My ink brush paintings measure 27"x 27" and laying six or more of them out on the floor forms a glorious grid. I exchange positions of individual paintings and create new relationships within the grid. The paintings change in relationship to one another and so does the visual meaning of the whole.
The grid is imbued as an explicit metaphor of spirituality. The structure is felt not seen. Does the grid satisfy a human need for order out of chaos, to give us the ability to locate things in space and time in a logical and rational manner?
Yesterday, I woke up with the words, "Field of Tension" in my mind. Field of Tension is a non-grid way of organizing a composition, based on intuition as observing the relationship to elements while one creates a composition. This is basically what happens when I paint.
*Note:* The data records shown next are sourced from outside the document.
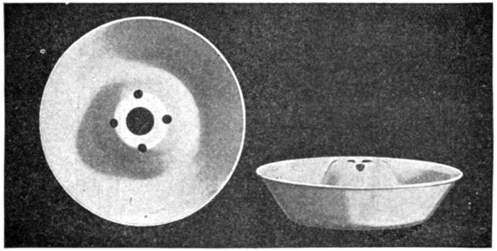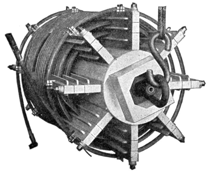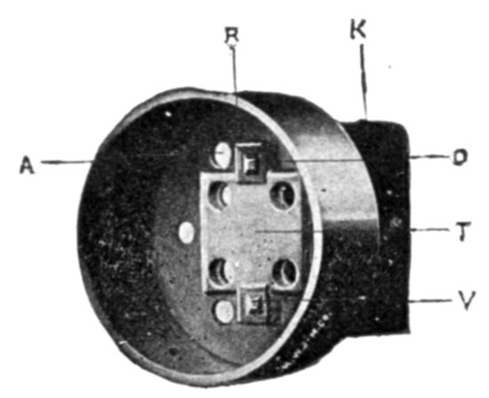 The Faraday Disc, or Mercury Motor Ampere Hour Meter.—On this type of meter the mercury motor consists essentially of a copper disc floated in mercury between the poles of a magnet and provided with leads to and from the mercury at diametrically opposite points. The theoretical relations of the various parts are shown in fig. 2,558.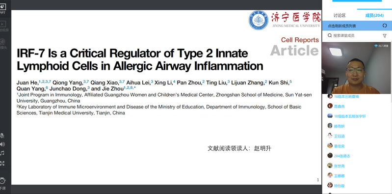 11月18日上午,体育竞彩推荐平台app通过腾讯课堂线上举办第二十八期太白湖学术沙龙。免疫教研室赵明升老师担任科技文献领读人。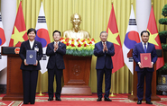 [한국방송/최동민기자] 베트남을 국빈 방문 중인 이재명 대통령은 22일(현지시간) 오후 베트남 국가주석궁에서 또 럼 당서기장 겸 국가주석과 정상회담을 갖고, 양국 간 포괄적 전략 동반자 관계 발전 방안과 지역·국제 정세 등에 대해 심도 있게 논의했다고 이규연 청와대 홍보소통수석이 서면 브리핑했다. 또 럼 당서기장은 이 대통령의 베트남 방문을 환영하며, 본인이 지난해 한국 정부의 첫 국빈으로 방한한 데 이어, 이 대통령이 베트남의 신지도부 출범 후 베트남의 첫 국빈으로 방문한 것을 뜻깊게 생각한다고 했다. 이 대통령은 또 럼 당서기장의 환대에 사의를 표하고, 서로가 첫 국빈 접수국으로 상대국을 선택한 것은 양국이 얼마나 특별한 관계인지를 잘 보여주고 있다고 했다. 양 정상은 교역·투자를 비롯해 에너지·원전, 인프라, 과학기술, 문화·인적교류 등 미래지향적, 전략적 분야에서 협력을 한 단계 높이자는 데 의견을 같이했다. 이에 이번 정상회담을 계기로 분야별 협력 강화를 위한 총 12건의 협력 문건이 체결됐다. 교역·투자 분야에서 양 정상은 호혜적인 실질 협력을 더욱 강화해 나가기로 했다. 이와 관련, 이번 정상회담을 계기로 '식품, 의약품, 화장품, 의료기기 안전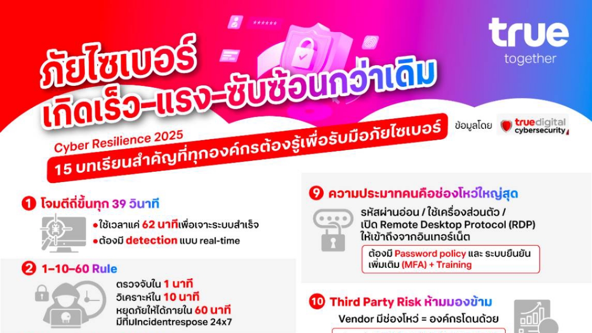ผู้เชี่ยวชาญ True Digital Group เผย 15 บทเรียนสำคัญ เตรียมองค์กรรับมือภัยโจมตีไซเบอร์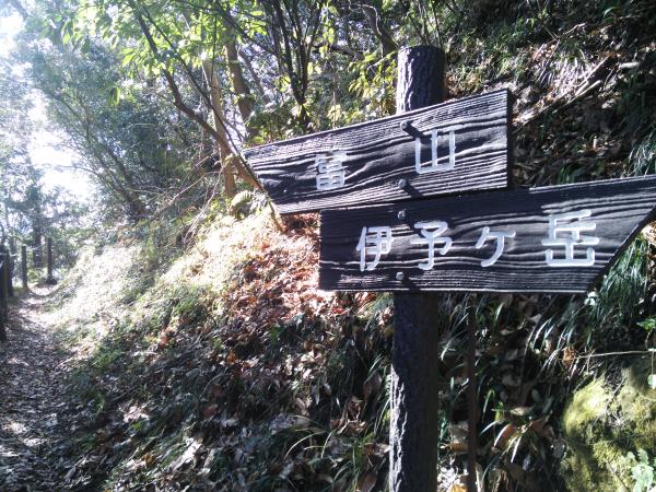 - 国保病院バス停→(10分)→平群天神社→(50分)→伊予ヶ岳南峰→(10分)→伊予ヶ岳北峰→(10分)→南峰→(15分)→富山分岐→(30分)→車道→(40分)→富山登山口→(30分)→富山北峰→(40分)→伏姫ノ籠窟

"The grid has been defined as : an index of the rational, artificial, rigid-but flexible, a measure of scale but scaleless, flat with imitations of depth, stamped with rigidity, and a container that contains itself, that is both form and content. Patrick Ireland, 1998. The grid, a theme innumerable artists have incorporated into their work, has been explained by critics and artists as visual technological metaphors but also is receptive to spiritual metaphors. The most recognizable artist of “The Grid” Mondrian used the grid to express the idea of spiritual harmony and order. He reduced his compositions to the basic essentials of form and color, using horizontal and vertical lines, painted in flawless primary colors and black and white."
There are different kinds of grids, generally for the purpose of providing a felt structure for the ease of information assimilation, but I suspect there is more to the function of a grid than this. There are manuscript grids, modular grids, column grids, deconstructed grids, hierarchal grids, even a margin is a grid; the golden mean, the rule of thirds... isn't the internet or "web" a type of grid? Couldn't language be considered a kind of grid with which to hang our thoughts?
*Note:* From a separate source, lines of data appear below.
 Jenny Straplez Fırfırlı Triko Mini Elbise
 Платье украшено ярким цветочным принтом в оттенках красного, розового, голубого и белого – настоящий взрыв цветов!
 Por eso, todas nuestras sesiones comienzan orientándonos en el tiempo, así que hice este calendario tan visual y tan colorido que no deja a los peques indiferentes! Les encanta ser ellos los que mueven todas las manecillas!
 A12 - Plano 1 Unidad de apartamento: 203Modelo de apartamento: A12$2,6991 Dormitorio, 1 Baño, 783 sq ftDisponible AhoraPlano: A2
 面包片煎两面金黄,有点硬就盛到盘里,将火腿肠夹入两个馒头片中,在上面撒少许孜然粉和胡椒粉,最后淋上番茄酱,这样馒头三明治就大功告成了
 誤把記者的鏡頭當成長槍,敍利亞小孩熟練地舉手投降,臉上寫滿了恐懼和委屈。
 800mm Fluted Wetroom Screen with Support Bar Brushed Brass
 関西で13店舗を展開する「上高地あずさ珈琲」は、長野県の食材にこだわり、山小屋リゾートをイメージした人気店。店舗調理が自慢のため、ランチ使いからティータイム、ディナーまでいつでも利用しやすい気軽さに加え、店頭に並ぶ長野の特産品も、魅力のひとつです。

Do we have a need for order? Does it give us comfort even as we have different tolerances for order versus chaos on an order versus chaos continuum.
Transcendental Philosophy, puts forth the idea that an important function of mind is to structure incoming data and to process it in ways that make it more than a simple mapping of outside data. Do we overlay our need for structure, or intuit an underlying pattern in seemingly chaotic life or is there a grid we don't see, rather just sense?
1 comment:
A grid does not have to be square. I sometime see a circular grid pattern particularly in nature.